Я поблагодарил и, не чуя под собой ног от радости, направился к двери. «Об одном прошу, басню больше никому и никогда не читайте. Вы правы, это не ваша стихия». Я осторожно закрыл за собой дверь 7-й аудитории.

Женя поджидала меня в холле возле доски объявлений. Я было собрался наброситься на нее с упреками, почему она не пошла слушать меня, но не успел. «Молчи, я все знаю, – остановила она меня. – Читал ты сегодня на крепкую четверочку. Значит, есть, куда расти». – «Откуда ты знаешь? Ведь тебя там не было». – «Ошибаешься, была! Просто боялась помешать тебе и спряталась за ширмой».

В учебной части мне сказали, что второй тур будет где-то в середине следующей недели, о дне прослушивания я сам должен справляться по телефону Б-9-39-36. Ну надо же!.. До сих пор номер телефона помню.

И наступили дни томительного ожидания.
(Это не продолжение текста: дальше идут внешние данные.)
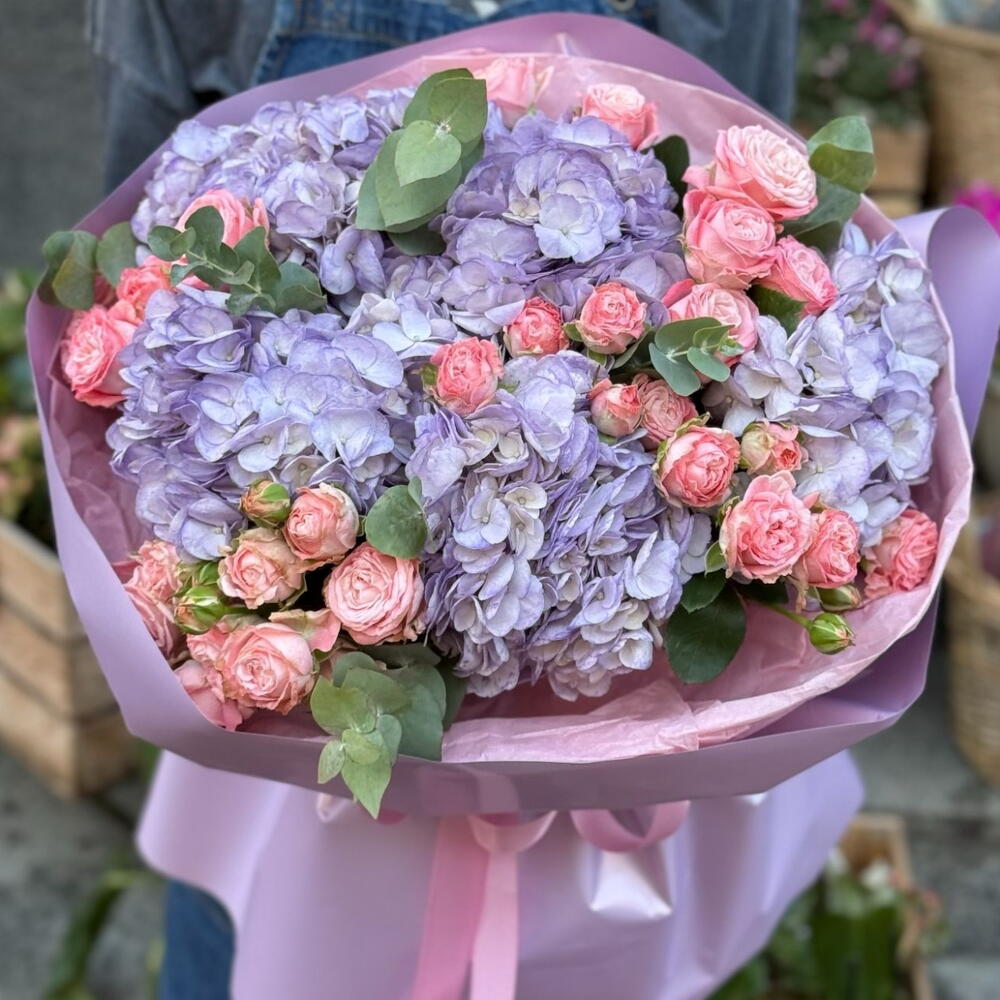 eucalyptus leaves - 5 pcs purple hydrangea - 5 pcs pink spray roses - 21 pcs

Каждый день я звонил по указанному номеру и слышал один и тот же ответ: «День прослушивания пока неизвестен». Между тем из Риги приехала мама. Семья отца уехала в Киев к родственникам, Глеб Сергеевич обрел свободу, и впервые за очень долгие годы мы проводили время втроем: папа, мама и я. Это было замечательно. Не передать как!..

Постепенно рана, нанесенная мне провалом в Щукинском училище, стала затягиваться, и я обрел душевный покой, который мне был так необходим. Мы ходили по музеям, на выставки, ездили на ВСХВ и обедали однажды в тамошней «Чайхане», пошли на футбол в Лужники: играл мой любимый «Спартак» и «Кайрат». Наши выиграли, и мама радовалась вместе со мной, как девочка. Жизнь была прекрасна и удивительна, если бы не одно тревожное обстоятельство: прошла неделя, а второй тур по-прежнему маячил где-то вдали, в туманной неизвестности.

С Женей все это время я не виделся: решил сделать перерыв в наших занятиях. Иногда излишек репетиций хуже, чем если бы их совсем не было. Я боялся «заболтать» свой репертуар и избегал встреч с Солдатовой и разговоров по телефону. Решил: буду терпеливо ждать.

И дождался. Второй тур назначили на 11 июля.

Женя поджидала меня в проезде Художественного, возле стеклянных дверей дома под номером 3а. «Напрасно ты избегал встреч со мной. Я только хотела кое-что поправить». В ее голосе звучала неподдельная обида. «Прости. Очень не хотелось тебя беспокоить. Я и так отнял у тебя слишком много времени», – начал я оправдываться. «Ладно, пойдем. – Она была само великодушие. – Посмотрим, как ты без меня справишься».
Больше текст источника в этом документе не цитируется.